WHAT THE TASK ASKS
With the pictures left out, reproduce exactly the lines running from the line with "Печенье Van Strien" to the last line of the material below.

STORED DATA
---

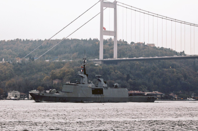 20 Ноя.., 2017, 10:41Ракетный «фрегат-невидимка» ВМС Франции класса La Fayette вошел в акваторию Черного моря. Как сообщает РИА «Новости», информация и фотографии появились на странице микроблога Twitter турецких споттеров, отслеживающих пути движения военных кораблей через Босфор.
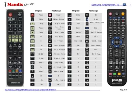 Cette télécommande remplit toutes les fonctions de la télécommande d'origine: Power, Tv Source/Function, Open/Close, Sleep, 1/RDS Display, 2, 3/TA, 4/PTY-, 5/PTY Search, 6/PTY+, 7, 8, 9, Disc Menu, 0, Pop Up/Title Menu, I<<, >>I, <<, >>, Stop, Play, Pause, Vol+, Vol-, Tuning/CH+, Tuning/CH-, Mute, S/W Level, Full Screen, Home, Repeat, Tools, Info, Up, Down, Right, Left, Enter, Return, Exit, Red, Green, Yellow/Tuner Memory, Blue/MO/ST, Smart Hub, Search, 2D→3D, 3D Sound, vTuner, Audio, Subtitle, Effect/Sound
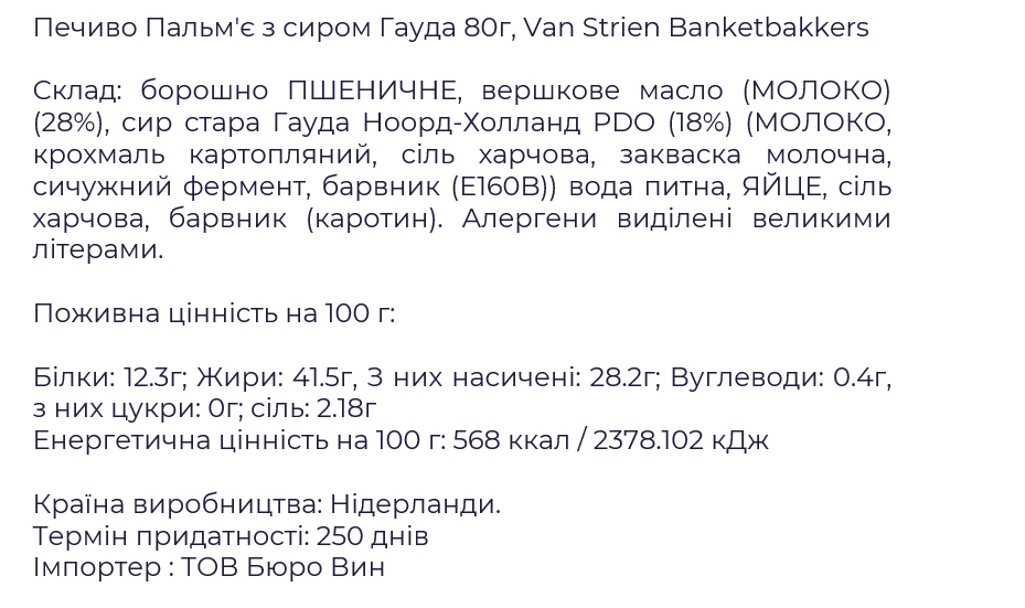 Печенье Van Strien Banketbakkers Пальмье с сыром Гауда 80 г
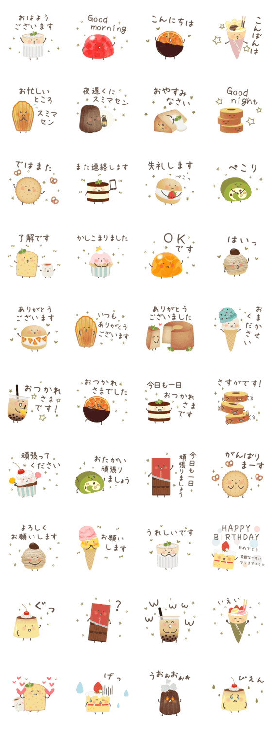 ゆるいスイーツたちの日常で使えるスタンプです。つぶらな瞳であなたに微笑みかけます♪

---

ANSWER TO THIS PROBLEM
 Печенье Van Strien Banketbakkers Пальмье с сыром Гауда 80 г
 ゆるいスイーツたちの日常で使えるスタンプです。つぶらな瞳であなたに微笑みかけます♪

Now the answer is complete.